Perfect Sense is paced well enough to give due time to the failing senses and the emotions that might accompany them. With a tinge of sci-fi, the mysterious disease that becomes a pandemic is left totally unexplained beyond shots of dictators and extremists whilst narration explains how different groups believe it to be caused by different ideologies. This would be acceptable where the actual delivery of the symptoms not so patently absurd. Having staggered the onset for loss of smell across his fictitious world, Mackenzie brings on loss of taste, seemingly all at once for everyone, to laughable results. He does make pause for some gratuitous nudity and sex scenes that feel like an attempt at tasteful titillation for the sheer sake of it.

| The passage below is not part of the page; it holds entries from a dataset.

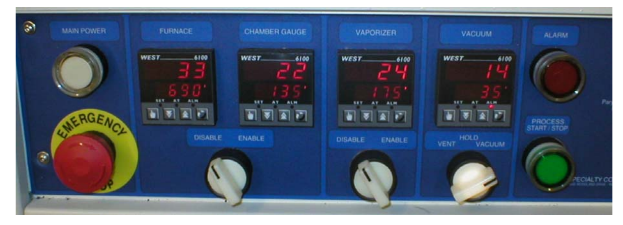
Control Panel on the Parylene Deposition System
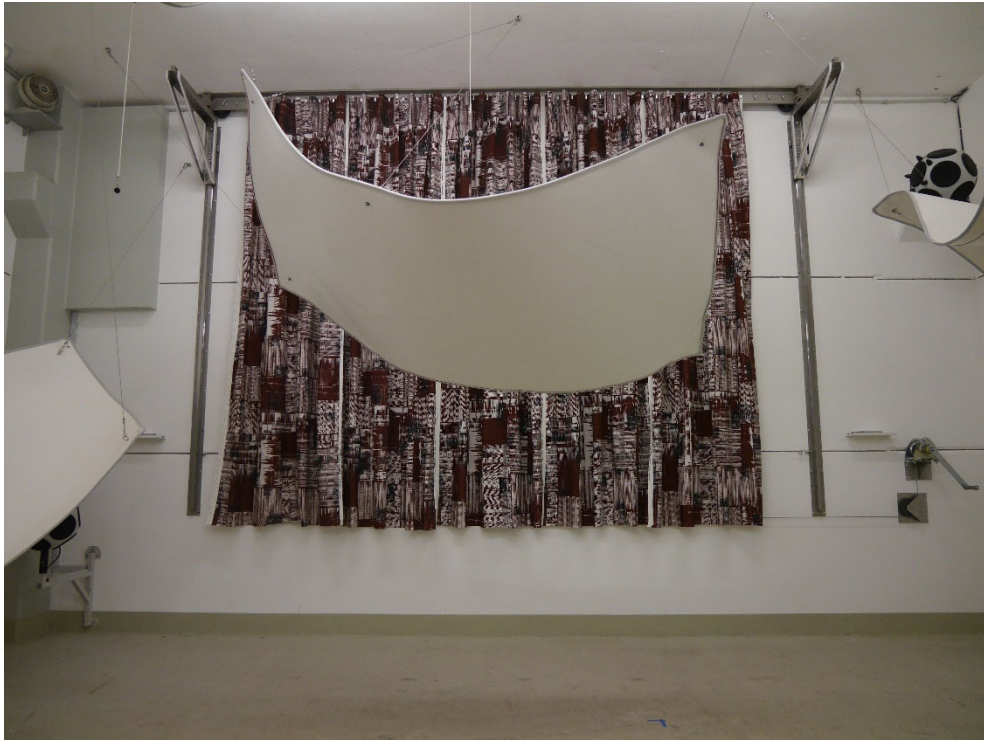
Figure B.1. Test object mounted in the reverberation room, frontal view.
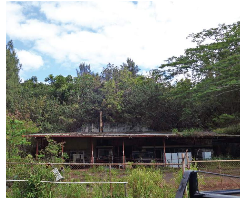
33. View of underground concrete tunnel
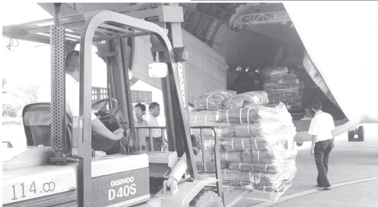
Relief aids from WFP based in Thailand arrive at Yangon International Airport.
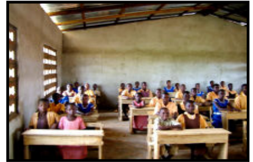
New classroom at Gbani

In July 2008 we received the really bad news that, in a storm, the new 'wriggly tin' roof on half the school had ripped itself out of the wall, blown off and landed across the other building .
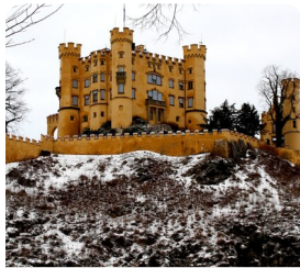
Hohenschwangau Castle Guided Tour
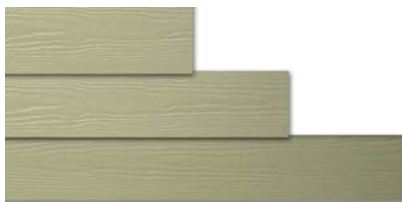
Color Shown: Heathered Moss
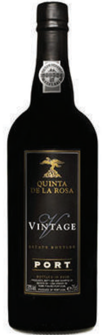
Quinta de la Rosa Vintage Port
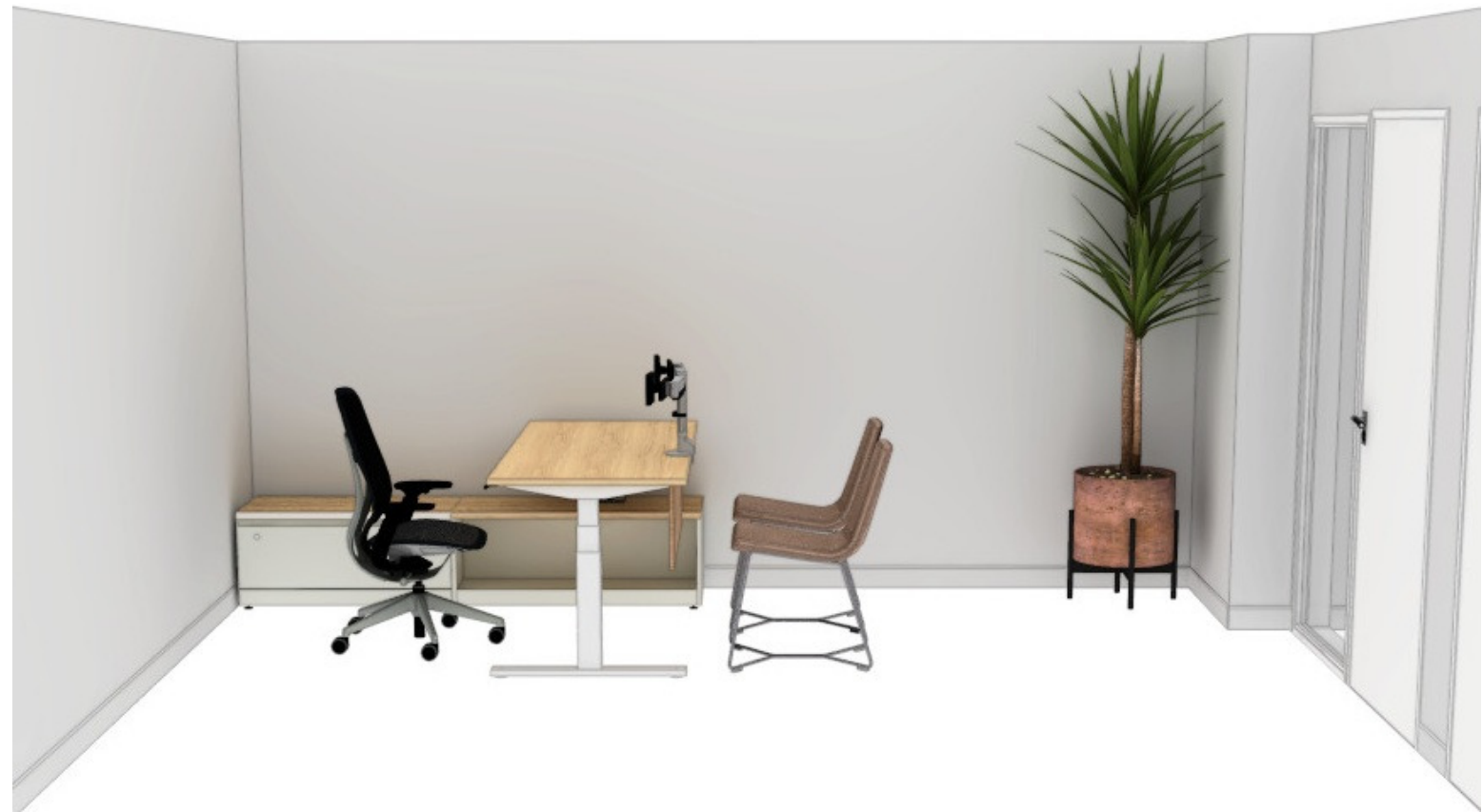
PRIVATE OFFICE (OPTION 2)
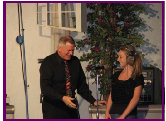
Stutter machine is always good for a laugh.

Throughout the week, youth playing basketball in the parking lot decided to come in, local teachers attended and many others came who were invited by church members. A former science teacher brought her skeptical grandson who had many questions after the program, but was honestly open and listening throughout our ongoing discussion. The teachers who attended acknowledged their students in the audience to the student’s delight. The impact the Lord had will reverberate throughout the community for years to come.
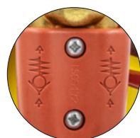
Inbuilt Flashback Arrestor, Torch End
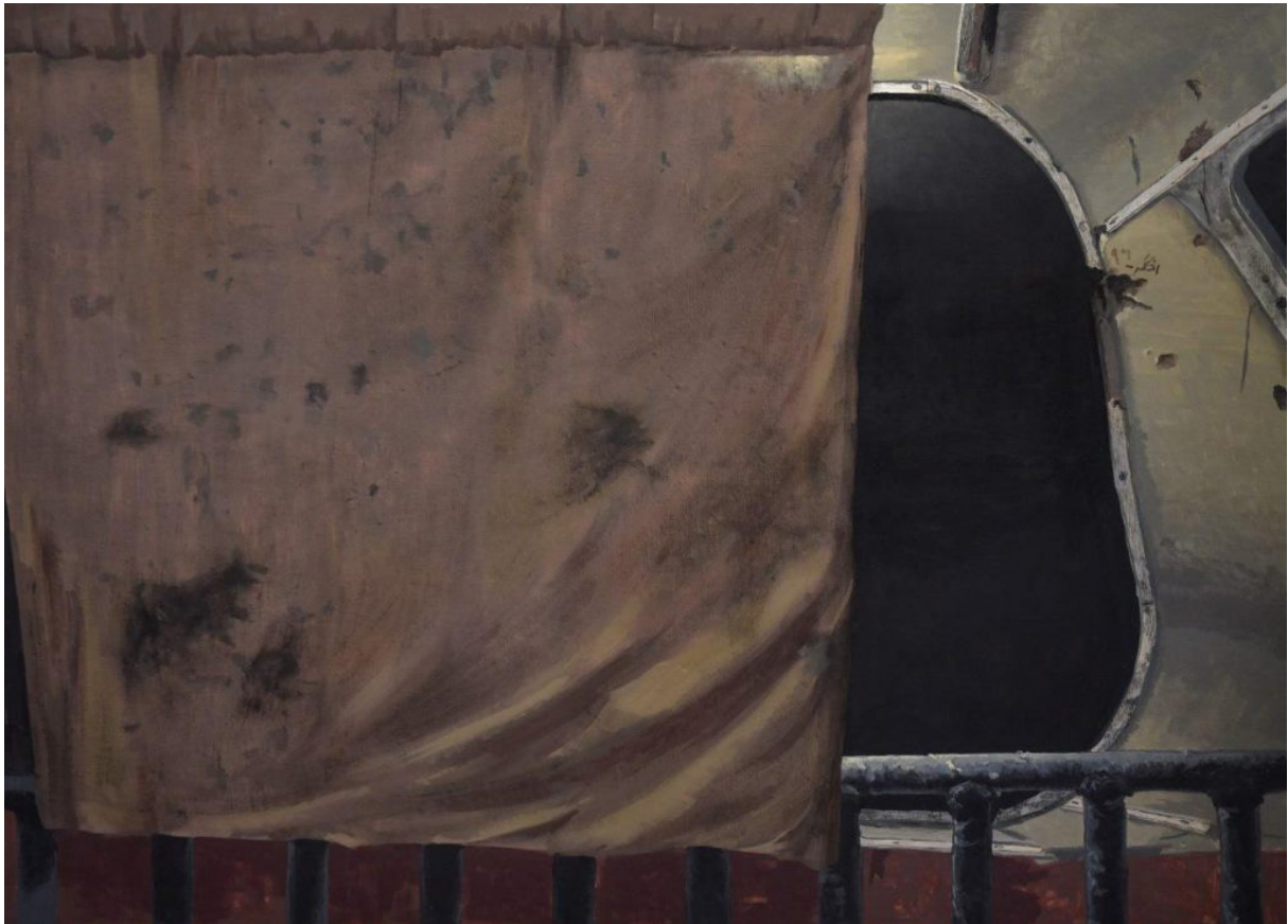
Nalaih Mixed Media on canvas 120x170 cm 2017

Once the senses of smell and taste have abandoned mankind and the case is made for moving on and living life, the film begins to feel like some underhanded propaganda tool for big tobacco as Mike and Susan extol the virtues of still being able to enjoy a cigarette. It's only following the loss of the senses that smoking doesn't deteriorate that humans around the world truly begin to panic and spiral out of control. It's certainly a bizarre message that underlies the evolutionary tale of adaptation for survival.
Perfect Sense contains a lot of promise in its premise and the way it presents the outbreak across the world. With a chef as a central character, it allows for exploration of how important smell and taste are in life and how, as a collective, we might move beyond it if need be. Otherwise, the film stumbles and fumbles its way to the finish line. Being an epidemiologist, Susan manages to do little other than inform the viewer of exactly what is happening and how unexplainable it is and Green brings little to the role beyond her willingness to strip down. Breaking occasionally for aforementioned narration, Perfect Sense tries too hard for a contemplative tone which ends up feeling cheaply manufactured. Different techniques are employed to convey the loss of senses, but even this has been done better elsewhere (see Julia's Eyes for a fantastic example).
When the predictable final scene arrives, it's none-too-soon. By the end of its 90 minutes, Perfect Sense will likely leave a bad taste in quite a few mouths.